There came a day when the sky was free from planes. It was a welcome reprieve from the constant din and commotion. Eddie sat under his tree, which had survived the barrage somehow, and fingered his pipe. None of the villagers knew where he had gone when the bombing started, but here he was, blowing on his flute. The children all came out from the shelters, not heeding their mothers’ anxious cries and calls. As Eddie played, he saw their faces; white, tear stained, and terrified. His pipe faltered and he switched his melody. It beckoned to the children, and they all understood. 

That night the planes returned, and Eddie’s Tree, the only one standing, fell. Finally, the last rumble of the last bomb died away, and as the mothers and grandmothers sunk into an exhausted slumber, Eddie’s new melody could be heard in the thick smokey darkness. The children peeped out from their hiding places and saw that the tree was gone, but that Eddie now stood where it had been. 

It was November 17th, 1939, and the sound of boots on the cobblestones shook the shattered walls and rooftops of the village. But the boots did not belong to the victorious fathers and brothers of the waiting mothers and sisters. They belonged to strangers with steely eyes and firm, cruel mouths. As the women crowded to the windows to watch in tears and horror as the soldiers marched by, they whispered hoarsely for their children. 

“Bobby! Quick! Come and and stay by me. No going out today!”

“Anna, you’re not to move from the shelter. Stay there, my dear.” 

But none of the children answered. Nothing but silence. Not a sniffle or a sob. The poor mothers went wild with confusion. Through the ruined streets they ran, calling for their little ones, digging beneath heaps of fallen stones and rubble. They threw themselves down at the feet of the stone-faced men, imploring them to release their daughters and sons. But the intruders only stared at them as if they’d lost their wits, or laughed and kicked dirt in their faces. Children? They hadn’t seen any children. They were probably hiding under their beds, the worthless little brats. 

A week of intense mourning came and went. 

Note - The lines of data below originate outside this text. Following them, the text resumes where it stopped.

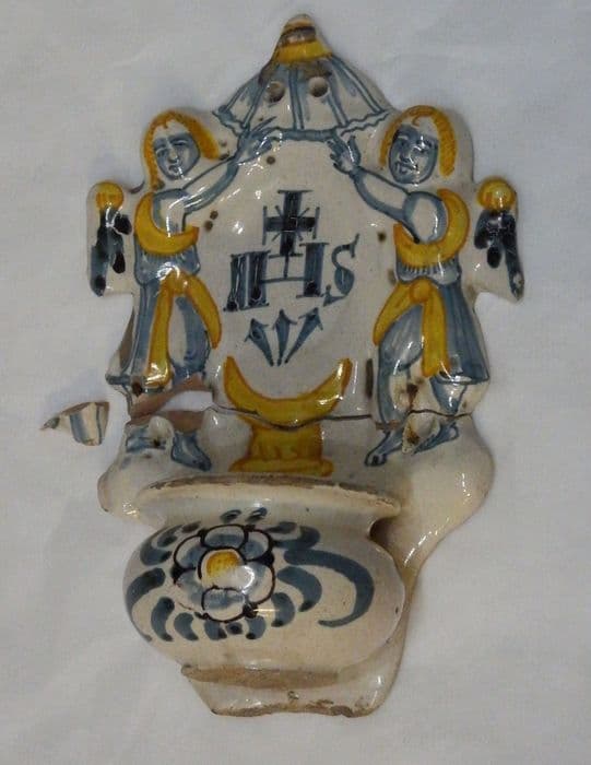 Inv. 303. Faïences, poteries, verreries : bénitier. Bénitier en faïence. Au milieu on a peint le monogramme IHS, accosté de deux anges en relief.
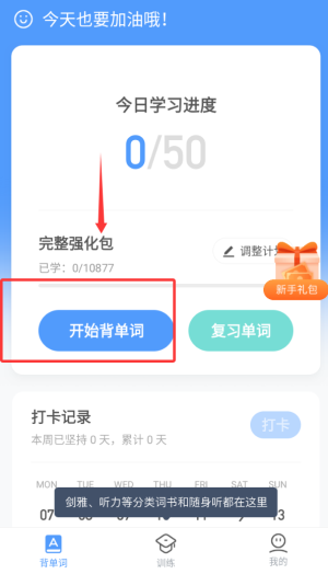 2、进入核心词汇学习界面后系统将自动推送每日记忆任务与复习内容。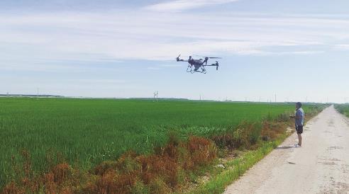 镇赉县大河生态农业有限责任公司是镇赉水稻种植大户,目前稻田生机勃勃。图为公司员工正在用无人机喷洒叶面肥。 (本栏图片均由镇赉县委宣传部提供)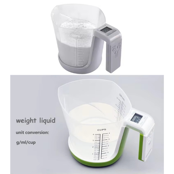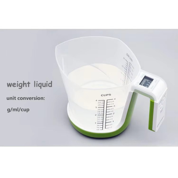 Functions: Tare, units conversion, weight measuring, measuring cup, countdown, thermometer

And then a letter arrived for the baker’s wife. A relative from a village in Poland had sent the letter a full month before and it had just made its way through the war torn country to Brookbrier. It began this way. 

“My dear sister, 

I must make this brief as I’ve only a scrap on which to write. There’s a strange boy, a wanderer from one of the first places to be invaded in our country. He carries a pipe. The bombs took everyone in his village but him it seems. People say that ever since his home was destroyed he has been searching from town to town for the children the bombs took. Be cautious of him. His strange tunes seem to beckon little ones and they follow him. They say he believes that all young ones are lost and wandering as he is, and he’s taking them back to their home, to safety, to the old Poland, to his village. He just came through our quiet town before it was taken and now my two little boys are gone. We heard the news of him just too late.”